COLLECTED DATA =>
===============
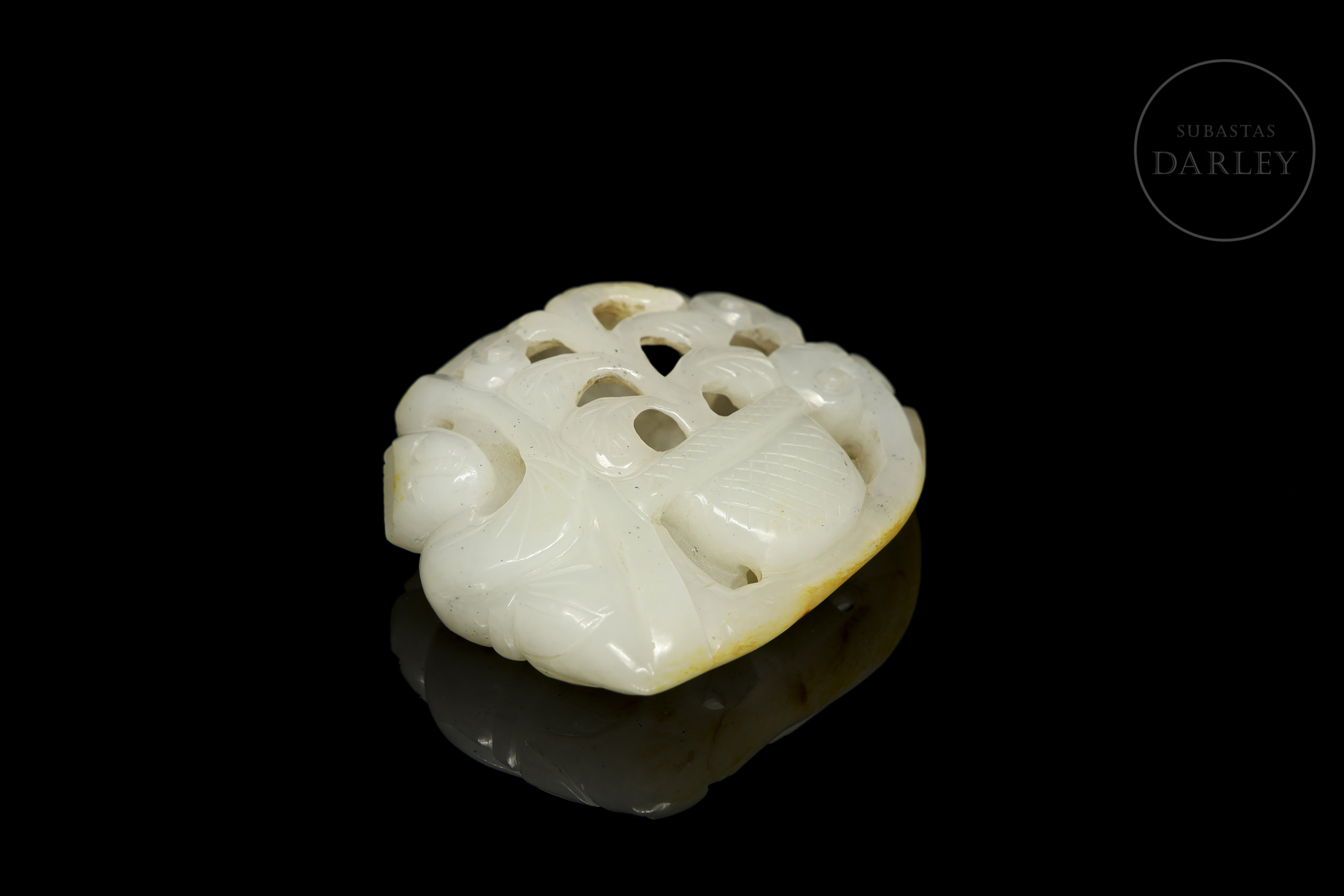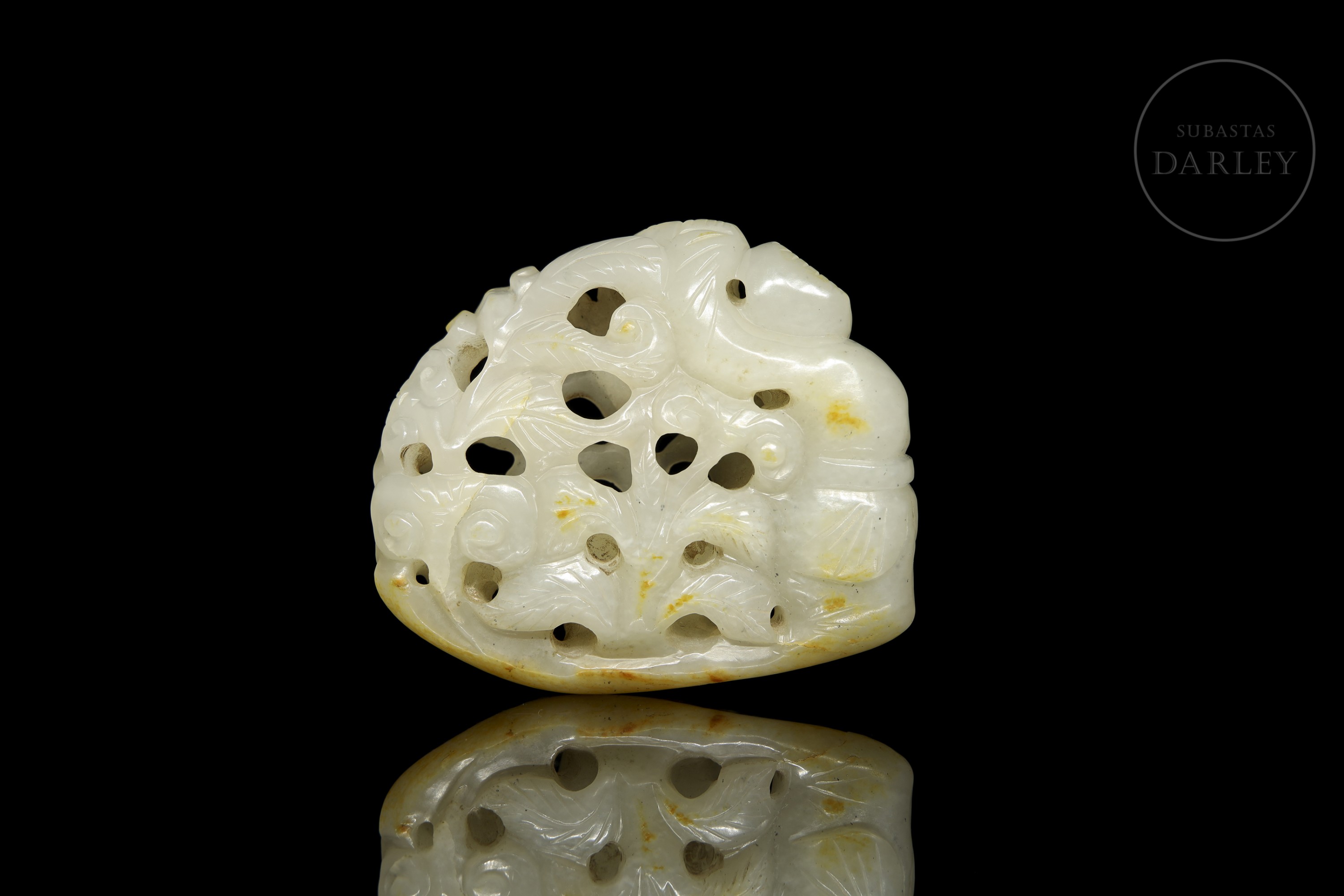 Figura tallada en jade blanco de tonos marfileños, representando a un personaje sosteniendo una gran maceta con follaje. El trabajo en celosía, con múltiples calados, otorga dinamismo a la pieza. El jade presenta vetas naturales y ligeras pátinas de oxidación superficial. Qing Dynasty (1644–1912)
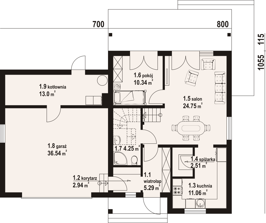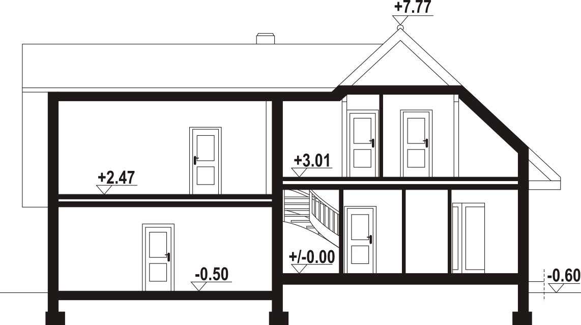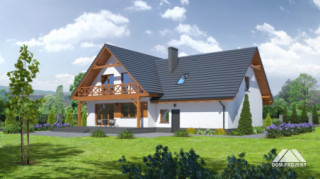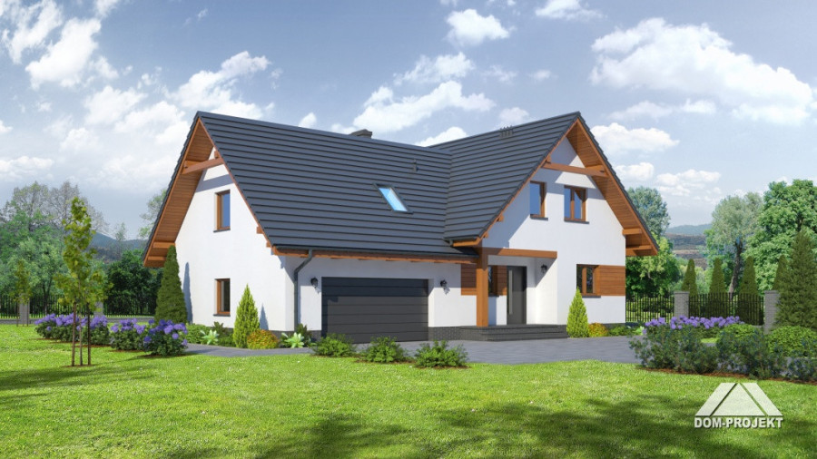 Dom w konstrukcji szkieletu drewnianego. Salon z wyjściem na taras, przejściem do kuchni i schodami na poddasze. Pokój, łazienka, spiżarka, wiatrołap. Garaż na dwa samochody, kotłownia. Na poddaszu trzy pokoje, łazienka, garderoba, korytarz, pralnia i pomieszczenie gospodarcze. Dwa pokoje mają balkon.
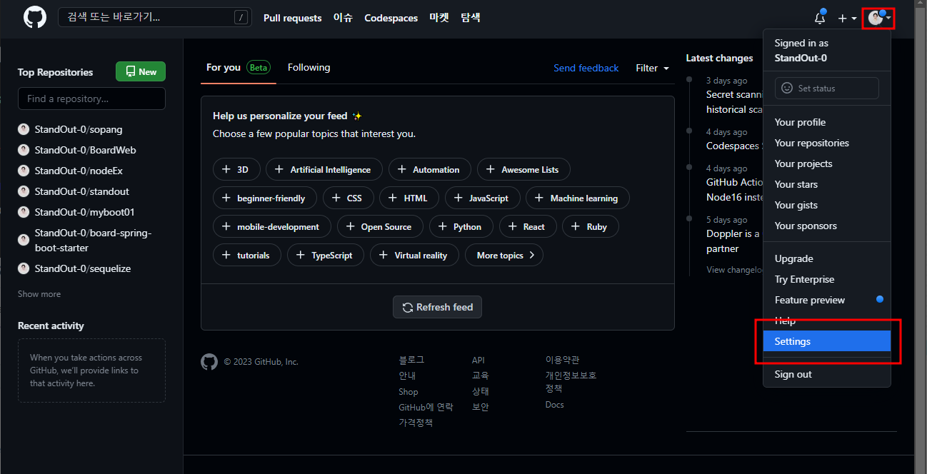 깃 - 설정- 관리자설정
===============
WORK TO BE COMPLETED => Reproduce every line of the material precisely, omitting its pictures.

EXERCISE OUTPUT =>
 Figura tallada en jade blanco de tonos marfileños, representando a un personaje sosteniendo una gran maceta con follaje. El trabajo en celosía, con múltiples calados, otorga dinamismo a la pieza. El jade presenta vetas naturales y ligeras pátinas de oxidación superficial. Qing Dynasty (1644–1912)
 Dom w konstrukcji szkieletu drewnianego. Salon z wyjściem na taras, przejściem do kuchni i schodami na poddasze. Pokój, łazienka, spiżarka, wiatrołap. Garaż na dwa samochody, kotłownia. Na poddaszu trzy pokoje, łazienka, garderoba, korytarz, pralnia i pomieszczenie gospodarcze. Dwa pokoje mają balkon.
 깃 - 설정- 관리자설정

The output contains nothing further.